When Mark was here, I asked him a question that’s been on my mind. “How do you know when to stop?” He laughed and said that was every artist’s question. Too often, he said, we wish we could go back to an earlier version. Oils are a bit more forgiving in that regard than, say, watercolor, or, as Tom suggested, sculpture.

Awaiting Elmer

Awaiting Elmer

Mark then added, “The next problem is storage.” So true. I have all my paintings now resting on bookshelves, blocking access to certain volumes. Gotta get a different solution. In this case oils are less forgiving. Oils dry very slowly, like taking years to completely dry. That makes putting them against each other even in a vertical file impossible. Hmmm.

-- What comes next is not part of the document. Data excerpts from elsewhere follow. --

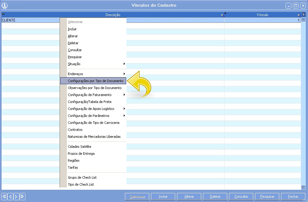 1.4. Na tela Vínculos do Cadastro selecione a opção Cliente e clique com o botão direito selecionando a opção “Configurações por Tipo de Documento”:
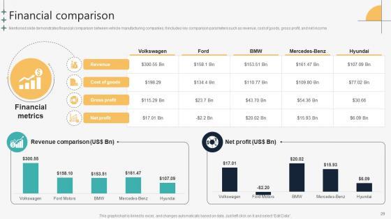 Mentioned slide demonstrates financial comparison between vehicle manufacturing companies. It includes key comparison parameters such as revenue, cost of goods, gross profit, and net income.Are you in need of a template that can accommodate all of your creative concepts This one is crafted professionally and can be altered to fit any style. Use it with Google Slides or PowerPoint. Include striking photographs, symbols, depictions, and other visuals. Fill, move around, or remove text boxes as desired. Test out color palettes and font mixtures. Edit and save your work, or work with colleagues. Download Financial Comparison Automotive Manufacturing Company Profile CP SS V and observe how to make your presentation outstanding. Give an impeccable presentation to your group and make your presentation unforgettable. Mentioned slide demonstrates financial comparison between vehicle manufacturing companies. It includes key comparison parameters such as revenue, cost of goods, gross profit, and net income.
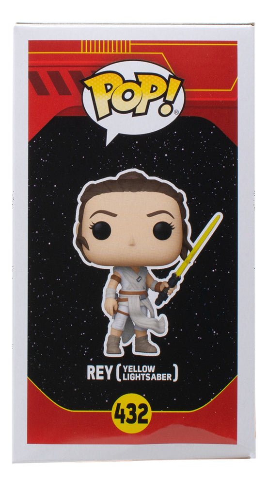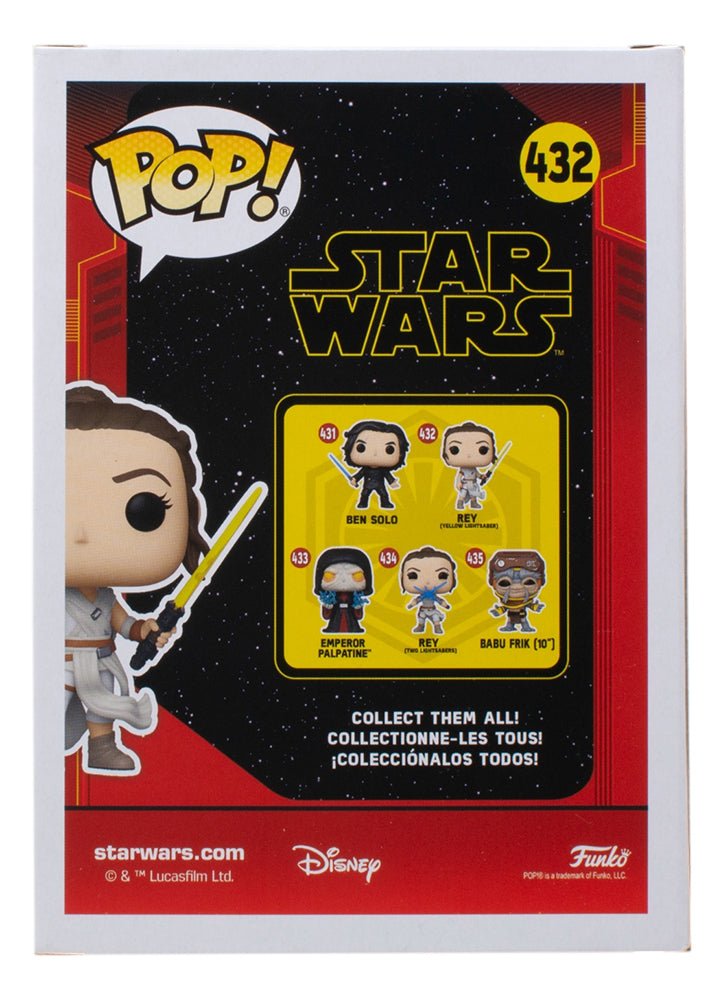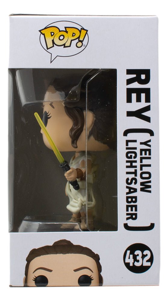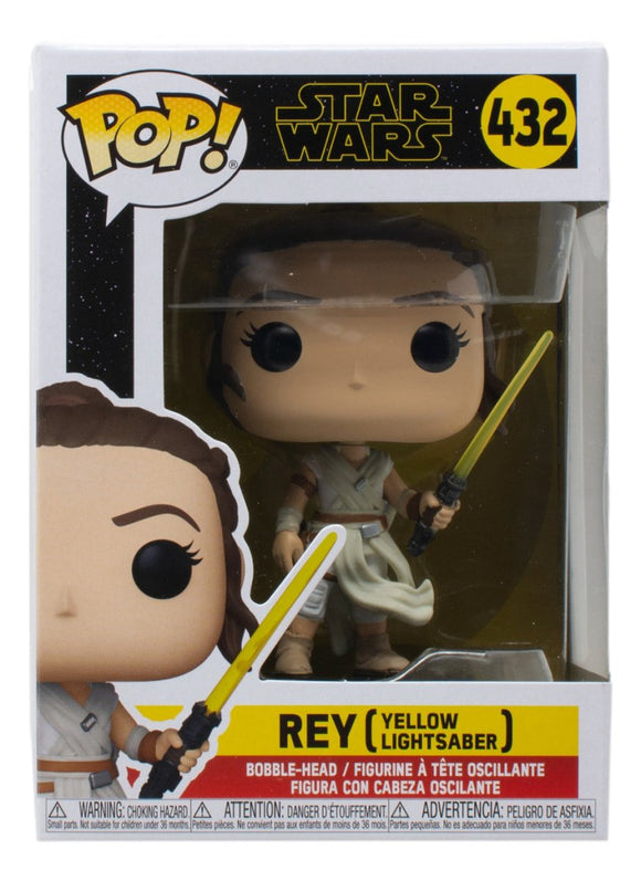 Star Wars Rey Yellow Lightsaber Funko Pop! vinyl figure #404 measures approximately 3 3/4-inches tall. Comes packaged in a window display box..
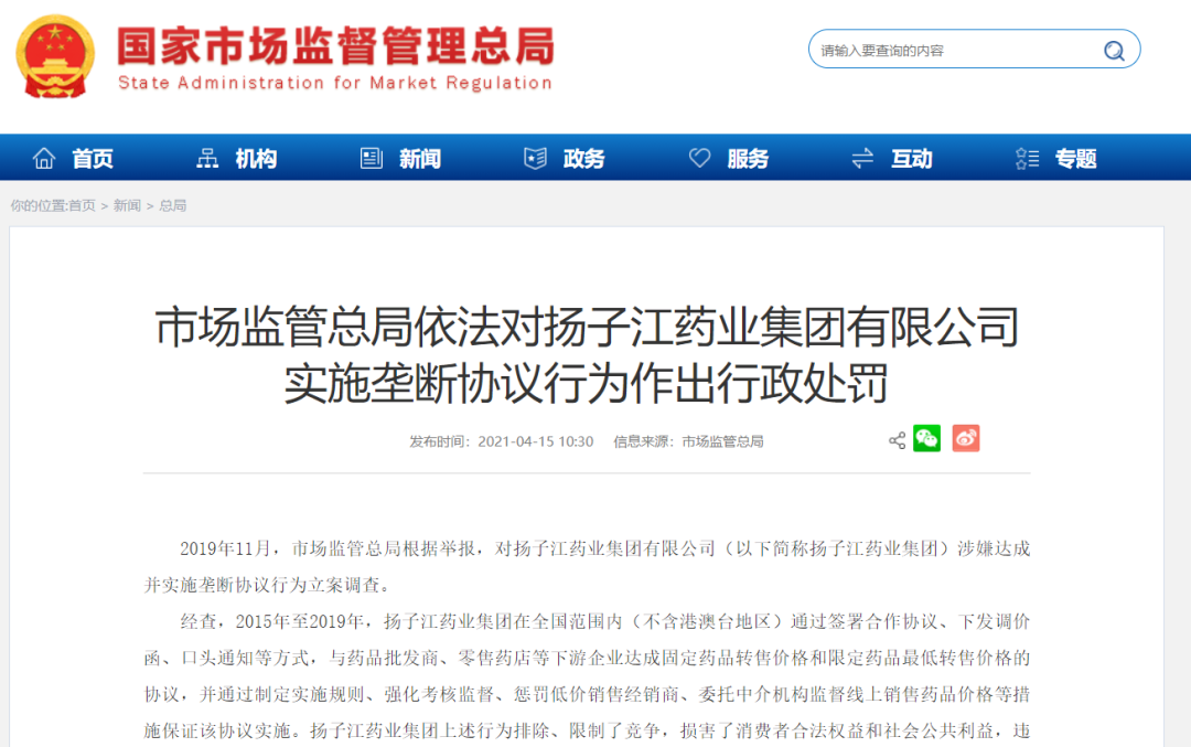 4月15日,國家市場監管總局公佈,依法對揚子江藥業集團有限公司(下簡稱揚子江藥業集團)實施壟斷協議行為作出行政處罰,處以7.64億元罰款。
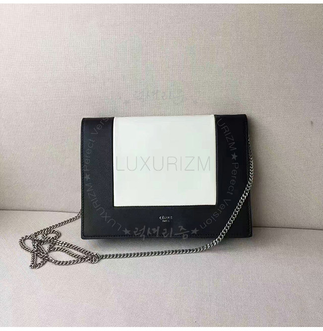 #홍콩이미테이션쇼핑몰 셀린느전문쇼핑몰 업데이트 최고 빠른사이트추천 럭셔리즘 [스페셜오더]CELINE-107773 셀린느 블랙 화이트 가죽 프레임 이브닝 클러치 체인백 여성용
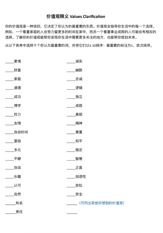 价值观排序自我探索
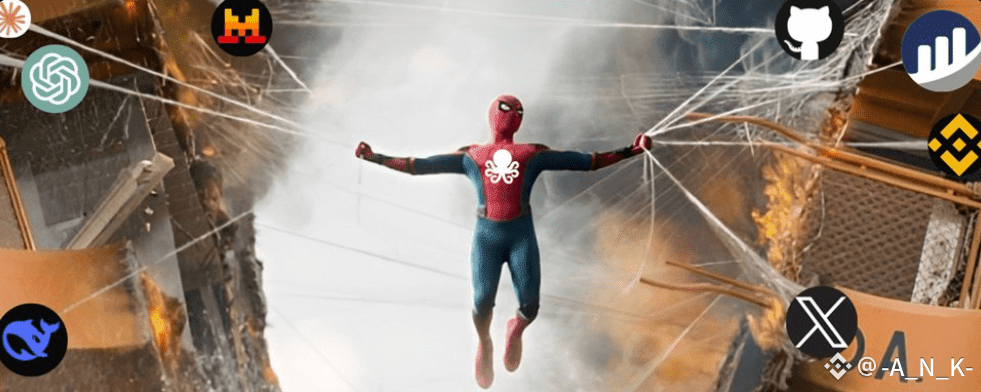 If you think about what @OpenLedger has been doing for a while now, it’s basically that moment where Tom Holland is holding a splitting boat together—but instead of webs, it’s AI models on one side and decentralized tools on the other. On one end, you have all these specialized AI models, some built for DeFi, others for compliance, trading, or on-chain analytics, and on the other, you have the chaos of decentralized systems like $ETH , #Etherscan , #Binance , and real-time off-chain data.

Gertie and Kep are happy to have the house all to themselves. No more long stints in the sewing room while Murdoch got his downstairs time.

Snow coming tonight and tomorrow. May it continue.

shhh

Winter                                                                   Waxing Moon

20190120_104200Shhh. Don’t tell anybody or you might jinx it, but I think Kate’s starting to gain weight. She’s at 84, past the 82 pound barrier that seemed so intractable. yay. shhh.

SeoAh and Murdoch are on their way today. Back to the warmer climes of Peach and Pecan country. Gonna miss her though she needs to get back and we need to settle in again to our own rhythms. SeoAh loves pho so I took her to the pho place near Evergreen’s King Sooper yesterday. A going away present. We had a long talk about her life in Seoul. She sold clothing and cosmetics door-to-door for a good while. What a tough way to make a living.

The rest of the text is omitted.